Clinical presentation of travelers with intestinal Sarcocystis infection

Patient characteristics (N = 57)
Age 41 years (mean), range 0–76 years
Male 37 (65%)
Female 20 (35%)
Type of travel
 Expat (> 6-month residence) 32 (56%)
 Permanently living abroad 1 (2%)
 Tourism 9 (16%)
 Business 8 (14%)
 Visiting friends and relatives 1 (2%)
 Mariner 1 (2%)
 Unknown 5 (9%)
Region of travel
 Africa 44 (77%)
 Asia 5 (9%)
 Central America 6 (11%)
 Europe 2 (3%)
Time between return date and consultation known 43/57 (75%)
Sarcocystis most likely acquired abroad* 11/43 (26%)
 Africa 10/31
 Asia 0/4
 Central America 1/6
 Europe 0/2
Sarcocystis possibly acquired abroad 18/43 (42%)
 Africa 10/31
 Asia 4/4
 Central America 3/6
 Europe 1/2
Sarcocystis unlikely acquired abroad 14/43 (33%)
 Africa 11/31
 Asia 0/4
 Central America 2/6
 Europe 1/2
Patients with any symptom 35/57 (61%)
Symptoms present before travel 5/35
Symptoms started during travel 10/35
Symptoms started ≤ 1 week after travel 4/35
Symptoms started > 1 week after travel 4/35
Symptom onset not known 11/35

Interval return date to consultation at the Institute of Tropical Medicine, Antwerp (ITMA) < 9 days (= minimal prepatent period [= time from infection to egg shedding]) and duration of travel > 6 weeks (6 weeks is considered the maximal egg excretion period in natural infection).

Interval return date to consultation at ITMA > 9 days and/or duration of travel < 6 weeks.

Interval return date to consultation at ITMA > 2 months (maximal prepatent period = 18 days + 6 weeks maximal egg excretion period in natural infection) or duration of travel + time until return to consultation at ITMA < 9 days (= shorter than the minimal prepatent period).

Clinical features of intestinal Sarcocystis infection.

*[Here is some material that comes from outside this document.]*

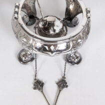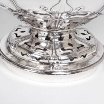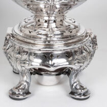 Completely specially handwrought sterling silver in an overall organic form with highly stylized vines and blossom motifs with cutout details on the base. Bone spacers and finial for burner handle. Approx. silver weight is 66 troy ounces.

Of the 57 travelers, 22 (39%) were asymptomatic at the time of diagnosis, 17 (30%) had intestinal symptoms associated or not with extraintestinal symptoms, and 18 (32%) had extraintestinal symptoms only (Figure 1). Of the 17 travelers with intestinal symptoms, 14 had extraintestinal symptoms (32 in total with extraintestinal symptoms). Symptoms were acute (≤ 3 weeks) in 6 patients (3 with intestinal symptoms and 3 with extraintestinal symptoms only) and chronic (> 3 weeks) or recurrent in 18 (11 with intestinal symptoms and 7 with extraintestinal symptoms only). Data on symptom duration were lacking in 10 (7 in the extraintestinal symptoms-only group) (Supplemental Tables 1–3).

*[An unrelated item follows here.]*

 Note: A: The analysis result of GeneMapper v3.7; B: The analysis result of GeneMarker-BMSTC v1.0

Intestinal symptoms were abdominal pain (N = 12; data were lacking in 1 individual), diarrhea (N = 10), and nausea or vomiting (N = 5; data were lacking in 1 individual). Fever was the most common extraintestinal symptom (N = 7); other extraintestinal symptoms varied widely. In 32 of 57 (56%) of our travelers, 55 concurrent diagnoses (of which 51/55 [93%] were pathogenic and nonpathogenic infections) were found. Details of the clinical presentation and cofindings are presented in Supplemental Tables 1–3.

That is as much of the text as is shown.